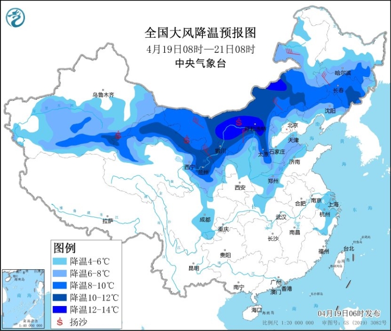 19日至23日,受強(qiáng)冷空氣影響,西北地區(qū)大部、華北、東北、黃淮、江漢、江淮、江南等地先后有4~6級(jí)風(fēng),陣風(fēng)8~10級(jí),新疆山口地區(qū)陣風(fēng)可達(dá)12級(jí);上述地區(qū)日平均氣溫先后下降6~10℃,部分地區(qū)降溫12~14℃,局地16℃以上。其中,4月19日08時(shí)至21日08時(shí),新疆南部、內(nèi)蒙古、青海北部和東部、甘肅、寧夏、陜西北部、山西、河北北部、東北地區(qū)中部等地氣溫將先后下降6~10℃,內(nèi)蒙古中部、山西北部等地局地降溫幅度可達(dá)12℃以上;上述地區(qū)有5~7級(jí)風(fēng),陣風(fēng)8~10級(jí),新疆南疆盆地和東部、西北地區(qū)大部、內(nèi)蒙古大部、華北北部、東北地區(qū)中西部等地有沙塵天氣。中央氣象臺(tái)4月19日06時(shí)繼續(xù)發(fā)布大風(fēng)降溫預(yù)報(bào)和沙塵暴藍(lán)色預(yù)警。
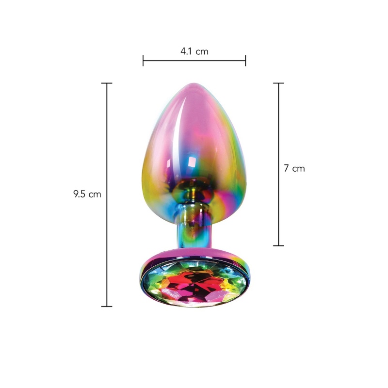 Kergest alumiiniumist ja mitmevärvilise kroomkihiga kaunistatud, suure vikerkaarevärvides sädeleva kivikesega anaaltapp.
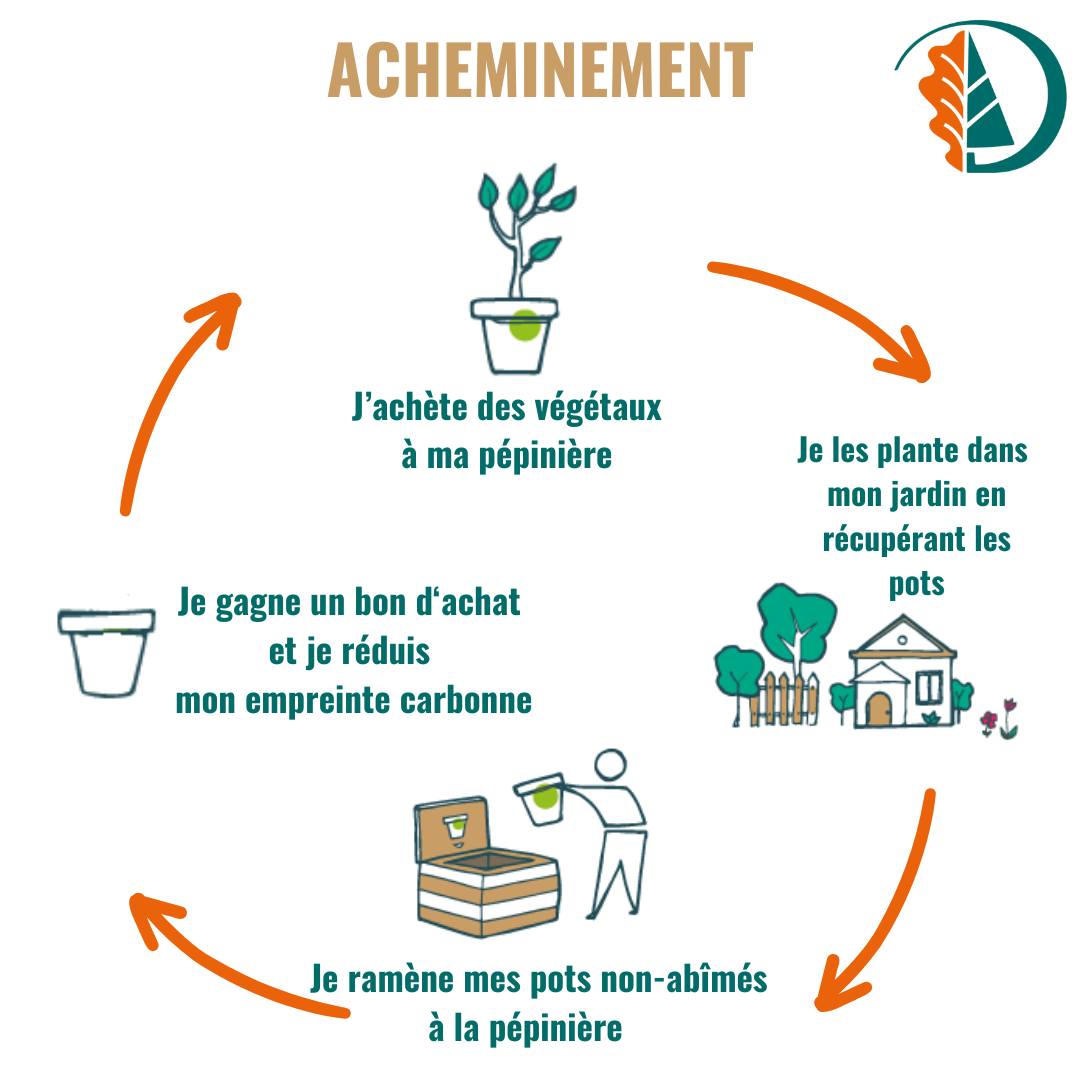 En 2024, les pépinières Duchesne ont mis en place le recyclage des pots. En effet, les pots en plastique, souvent encore en bon état, peuvent être réutilisés. Ils sont récupérés sous conditions, à voir directement par téléphone ou à l’accueil de la pépinière.
= = = =
* TASK DESCRIPTION
Retype precisely, and only, the lines from the one holding "Kergest alumiiniumist ja" through the final line of the data above, with the pictures omitted.

* OUTPUT FOR THIS TASK
 Kergest alumiiniumist ja mitmevärvilise kroomkihiga kaunistatud, suure vikerkaarevärvides sädeleva kivikesega anaaltapp.
 En 2024, les pépinières Duchesne ont mis en place le recyclage des pots. En effet, les pots en plastique, souvent encore en bon état, peuvent être réutilisés. Ils sont récupérés sous conditions, à voir directement par téléphone ou à l’accueil de la pépinière.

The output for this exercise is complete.